A senior official of a prominent IPL team said on the condition of anonymity- the current eight franchises are earning well every year. Therefore, they will get much more evaluation than GT, which is still in loss. It is true that GT is still a new team and has not started earning profits. In contrast, the old teams have been doing well for years and also have a big fan base. Therefore, these teams are more attractive for investors. Some IPL franchises have created a strong global brand by purchasing teams in the Cricket League outside India.

IPL franchise owners, including Reliance Industries, Sun TV Network, RPSG Group, JSW GMR Cricket and Shah Rukh Khan’s Knight Riders, have achieved franchises in the Cricket League in South Africa, UAE, England and America. An executive said- This diversification not only strengthens their brand, but also provides the required scale to consider being listed in the stock market. This means that these teams are now making their identity not only in India but all over the world. This further enhances their brand value.

Santosh N, managing partner of Valuction Service Provider D&P Advisory, said that the GT deal of Torrent Group has set up a new benchmark for IPL team valuation. He said- If Gujarat Titans can get such a high price after a few years, other franchisees will follow it in terms of attracting investors. Ajimon Francis, managing director of Brand Finance India, said Torrent achieved a majority stake in GT at premium, and a similar premium could be applied to other teams.

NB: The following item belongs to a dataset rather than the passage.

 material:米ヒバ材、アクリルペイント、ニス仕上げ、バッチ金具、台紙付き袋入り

He said- Most of the big team brands are now global brands in many geographical areas and in many commercial forms. Several firms, including Holiehan Loki, Brand Finance and D&P Advisory, have evaluated the IPL brand over $ 10 billion, estimated in 2024 ranging from $ 10 billion to $ 16 billion. This bounce in the brand value by the Board of Control for Cricket in India (BCCI) in 2022 with the Dizney Star India and Viacom 18 (which has now merged) with media rights deal of Rs 48,390 crore and with companies like Tata Sons, My11CIRCLE, CEAT and Angelone with companies Multi-yearly sponsorship deals worth Rs 4,000 crore.

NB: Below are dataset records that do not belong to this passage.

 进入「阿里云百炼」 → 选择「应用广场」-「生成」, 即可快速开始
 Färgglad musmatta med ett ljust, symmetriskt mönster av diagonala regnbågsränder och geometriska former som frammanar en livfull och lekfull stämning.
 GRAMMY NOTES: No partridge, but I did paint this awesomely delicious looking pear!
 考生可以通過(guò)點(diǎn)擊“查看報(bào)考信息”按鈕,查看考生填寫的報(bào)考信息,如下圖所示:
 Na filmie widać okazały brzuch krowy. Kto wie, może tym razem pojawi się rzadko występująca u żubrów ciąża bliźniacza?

According to the financial data of the tofler, the joint revenue of ten IPL franchisees increased to Rs 6,797 crore in FY 24 to Rs 6,797 crore as compared to the previous year’s Rs 3,082 crore. Despite an increase in the evaluation of IPL franchise, Francis of Brand Finance believes that no franchise will sell a majority stake, and even those who want to reduce will only sell minority stakes because most of the owner will sell the teams to control the teams Want He said- Some small offers for cells may be secretly with new investors to change the first one.

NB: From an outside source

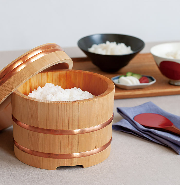 秋は新米の季節?昔ながらの道具を取り入れて?ごはんをもっとおいしく味わってみませんか?炊きたてのごはんを木製のおひつに移すと?粗熱を取りながら?ごはんに含まれる水分を適度に保って?もっちりとした食感に?ごはんは冷めると?一粒一粒噛みごたえが出て?米本來のうま味や甘みがより強く感じられます?また?ほんのりと木の香りが移るのも木製のおひつならでは?おひつはごはんを保存するだけでなく?よりおいしくしてくれる調理道具ともいえます?家族の?おかわり!?の聲に?食卓が笑顔であふれそう?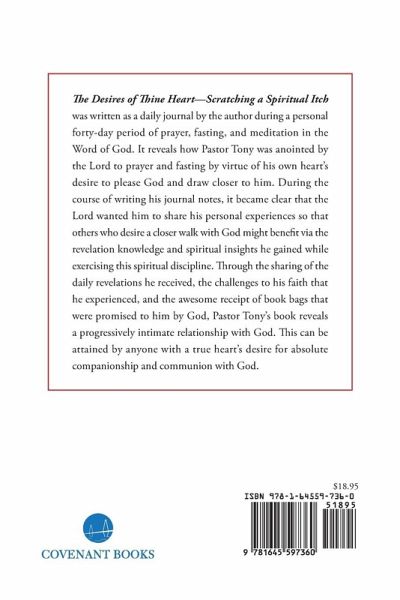 The Desires of Thine Heart—Scratching a Spiritual Itch was written as a daily journal by the author during a personal forty-day period of prayer, fasting, and meditation in the Word of God. It reveals how Pastor Tony was anointed by the Lord to prayer and fasting by virtue of his own heart’s desire to please God and draw closer to him. During the course of writing his journal notes, it became clear that the Lord wanted him to share his personal experiences so that others who desire a closer walk with God might benefit via the revelation knowledge and spiritual insights he gained while exercising this spiritual discipline. Through the sharing of the daily revelations he received, the challenges to his faith that he experienced, and the awesome receipt of book bags that were promised to him by God, Pastor Tony’s book reveals a progressively intimate relationship with God. This can be attained by anyone with a true heart’s desire for absolute companionship and communion with God.

An example is PE firm Redbird Capital Partners who are allegedly looking to sell their stake in Rajasthan Royals at premium. According to Santosh, some factors carrying these values ​​up include FOMO (Fear of Missing Out) effect, as many investors and large corporates are pursuing limited number of properties. He said- IPL is a trophy asset and comes with ‘the right to Hankane’, and you are ready to pay the premium for it. Due to the limited properties available, the price at which they may have a transaction may be much higher than their actual internal value.